(Records from a collection)
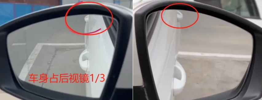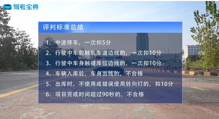 2. 入库时,待车身完全进入库内后,注意观察两边的后视镜,看车身是否已回正,一旦回正立即停车,以防后方车身压线或出线导致挂科。
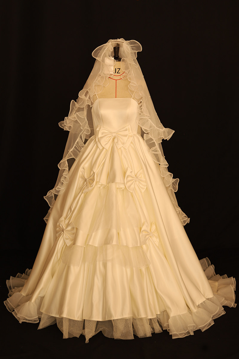 📚 新款洛丽塔蛋糕多层公主蓬蓬裙婚纱简约中腰缎面小拖尾穿衣服定制
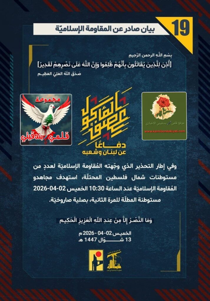 أصدرت المقاومة الاسلامية بعد البيان رقم (17 و 18) مباشرة بيان رقم “19” :”دفاعًا عن لبنان وشعبه، وفي إطار التحذير الذي وجّهته المُقاومة الإسلاميّة لعددٍ من مستوطنات شمال فلسطين المحتلّة، استهدف مجاهدو المُقاومة الإسلاميّة عند الساعة 10:30 الخميس 02-04-2026 مستوطنة المطلّة للمرة الثانية، بصلية صاروخيّة.
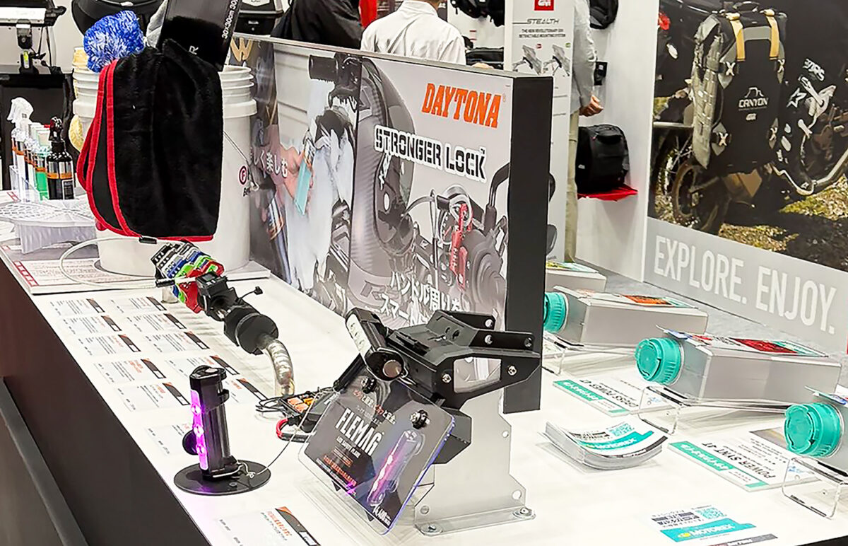 デイトナブースでは、独自技術であるDuoSync(デュオシンク)搭載の次世代バイク用インカム「RESOインカム」、Henly Beginsツーリングバッグ、GRエクスプロア スマートフォンマウントなどのツーリング用品やカスタムパーツ、デイトナアパレルのライディングギアやアウトドアギアに加え、洗車ケミカルやMOTOREXオイルなどのメンテナンス用品など新商品がズラリ。
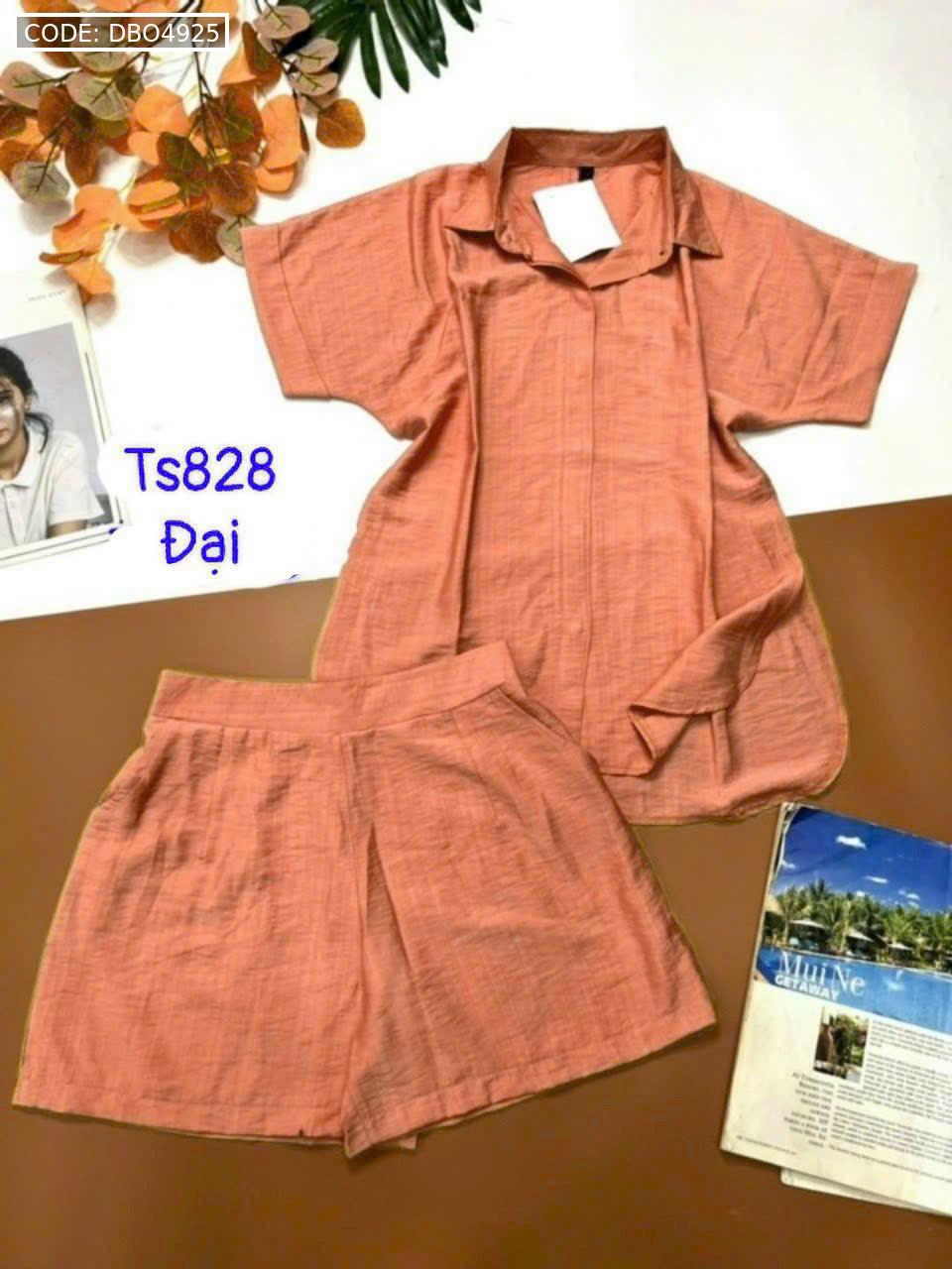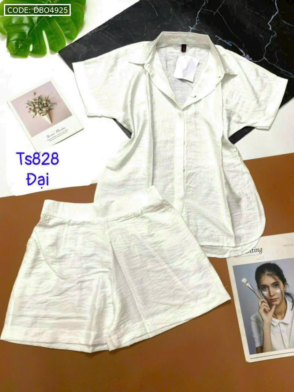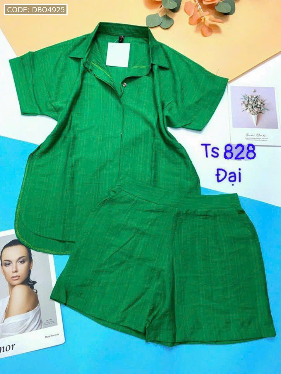 Shop sỉ đồ bộ quần đùi áo sơ mi tay ngắn màu trơn
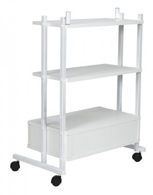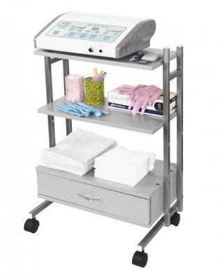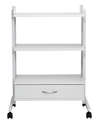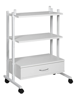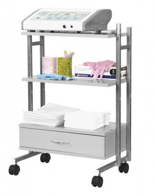 Функциональная и практичная тележка на вращающихся колесиках для оснащения различных зон салона красоты. Тележка универсальна и подойдет для оборудования зоны парикмахера, педикюрного мастера или массажиста. Разработана так, чтобы мастер мог получить оперативный доступ к расходным материалам и инструментам, расположив их на открытых полках. Нечасто используемые предметы удобно хранить в выдвижном ящике. Косметологический столик трио мобилен и легко перемещается в рабочем пространстве за счет вращающихся вокруг своей оси колесиков. В верхней части столика расположен держатель для лампы-лупы.
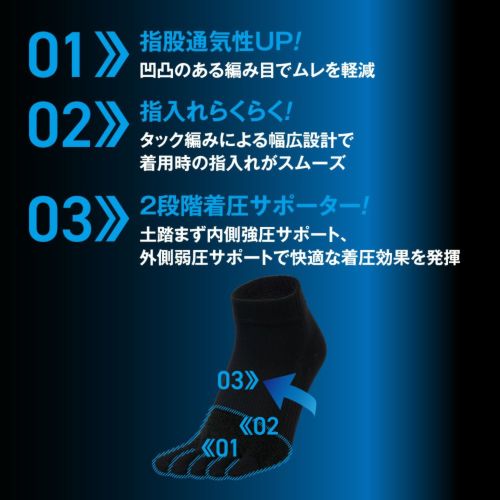 土踏まず内側強圧サポート、外側弱圧サポートで快適な着圧効果を発揮
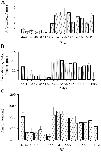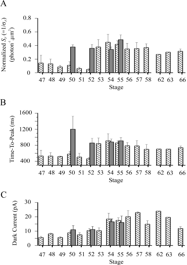 Figure 7. . Normalized flash sensitivity, time-to-peak of half-saturated flash response, and dark current at different developmental stages, after pretreatment of the isolated retina with 100 μM 11-cis-retinal for 40 min in darkness. Experiments on rods of overnight-dark-adapted tadpoles at stages 46–66 and frogs at sizes of 2.5–5 cm, as in Fig. 5. Dark bars indicate the collected chromophore-pretreatment data, showing average ± SEM. The number of rods measured at each stage are 4(stage 50), 6(52), 5(54) and 2(55). The hatch bars are redrawn from Figs. 5, B and C, and 2 A.
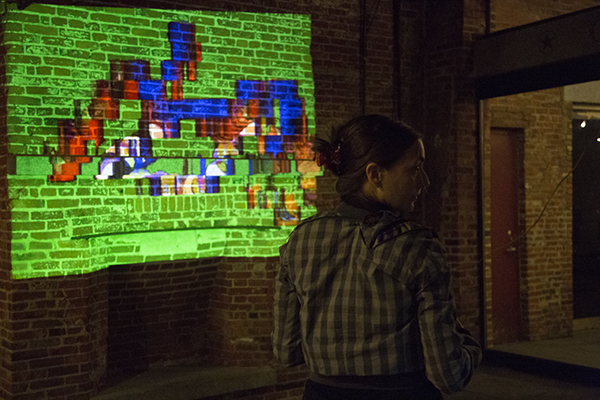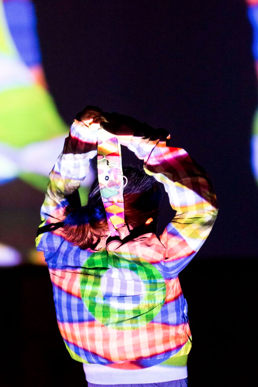 Reaction Wear is an audiovisual performance with wearable technology and movement. LoVid together with collaborators Ashley Byler (dance), Sally Im (costume), Tyler Henry (technology) designed an interface that integrates the body of the performer with technology and the architecture of a performance space.

What you have to do. Look for the line that contains "Shop sỉ đồ bộ", then please copy it and the rest of the lines through the end of the data, pictures excluded.

Result.
 Shop sỉ đồ bộ quần đùi áo sơ mi tay ngắn màu trơn
 Функциональная и практичная тележка на вращающихся колесиках для оснащения различных зон салона красоты. Тележка универсальна и подойдет для оборудования зоны парикмахера, педикюрного мастера или массажиста. Разработана так, чтобы мастер мог получить оперативный доступ к расходным материалам и инструментам, расположив их на открытых полках. Нечасто используемые предметы удобно хранить в выдвижном ящике. Косметологический столик трио мобилен и легко перемещается в рабочем пространстве за счет вращающихся вокруг своей оси колесиков. В верхней части столика расположен держатель для лампы-лупы.
 土踏まず内側強圧サポート、外側弱圧サポートで快適な着圧効果を発揮
 Figure 7. . Normalized flash sensitivity, time-to-peak of half-saturated flash response, and dark current at different developmental stages, after pretreatment of the isolated retina with 100 μM 11-cis-retinal for 40 min in darkness. Experiments on rods of overnight-dark-adapted tadpoles at stages 46–66 and frogs at sizes of 2.5–5 cm, as in Fig. 5. Dark bars indicate the collected chromophore-pretreatment data, showing average ± SEM. The number of rods measured at each stage are 4(stage 50), 6(52), 5(54) and 2(55). The hatch bars are redrawn from Figs. 5, B and C, and 2 A.
 Reaction Wear is an audiovisual performance with wearable technology and movement. LoVid together with collaborators Ashley Byler (dance), Sally Im (costume), Tyler Henry (technology) designed an interface that integrates the body of the performer with technology and the architecture of a performance space.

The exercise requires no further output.